20030094264 and 20030070752, the specifications of which are hereby incorporated in their entirety by reference.

[0056] A further aspect of the present invention is the provision of a method of cooling a wearer of a garment. The method includes the steps of providing a modular cooling device as described above, locating the first set of tubes in the compartment adjacent to the ice pack, and locating the second tubes outside the compartment and adjacent to the wearer of the garment.
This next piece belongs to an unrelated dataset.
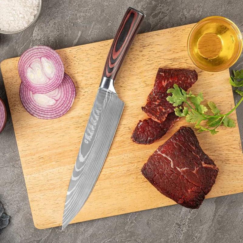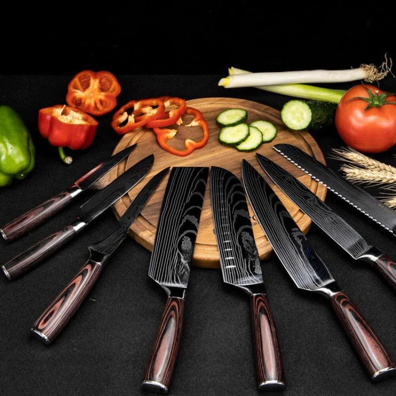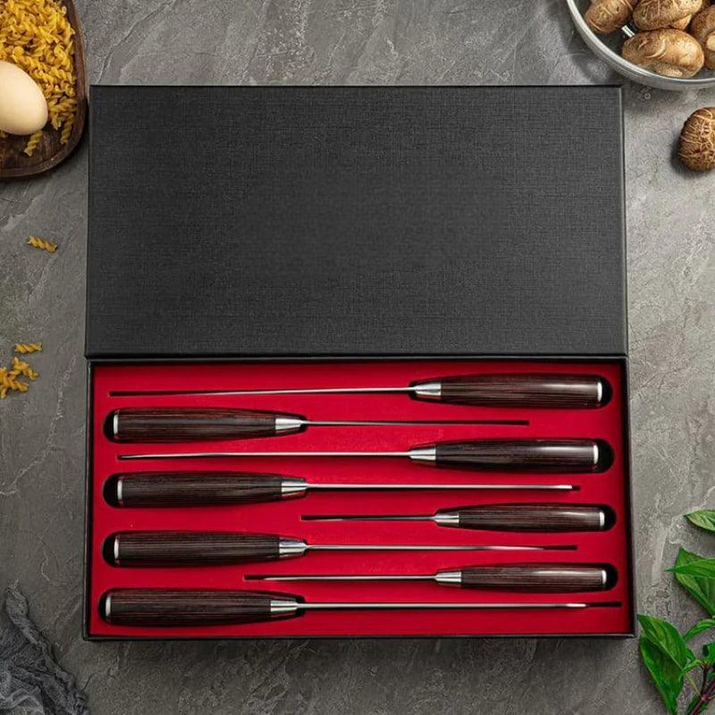 Experience the finesse of Japanese culinary art with our Japanese Master Chef Knife Set. Each piece in this premium set is crafted for exceptional precision, offering a balance of sharpness, durability, and ergonomic design. Ideal for professional chefs and cooking enthusiasts, these knives cater to a range of kitchen tasks, from delicate slicing to robust chopping. A testament to traditional craftsmanship and modern functionality, this set is a prized addition to any kitchen.

Power is then supplied to the pump such that the heat exchange fluid is circulated within the first and second set of tubes, and it is cooled as it circulates in the first tubes and it is warmed as it circulates in the second tubes to provide cooling to the wearer.

[0057] Although the present invention has been shown and described with respect to its preferred embodiments and in the examples, it will be understood by those skilled in the art that other changes, modifications, additions and omissions may be made without departing from the substance and the scope of the present invention as defined by the attached claims.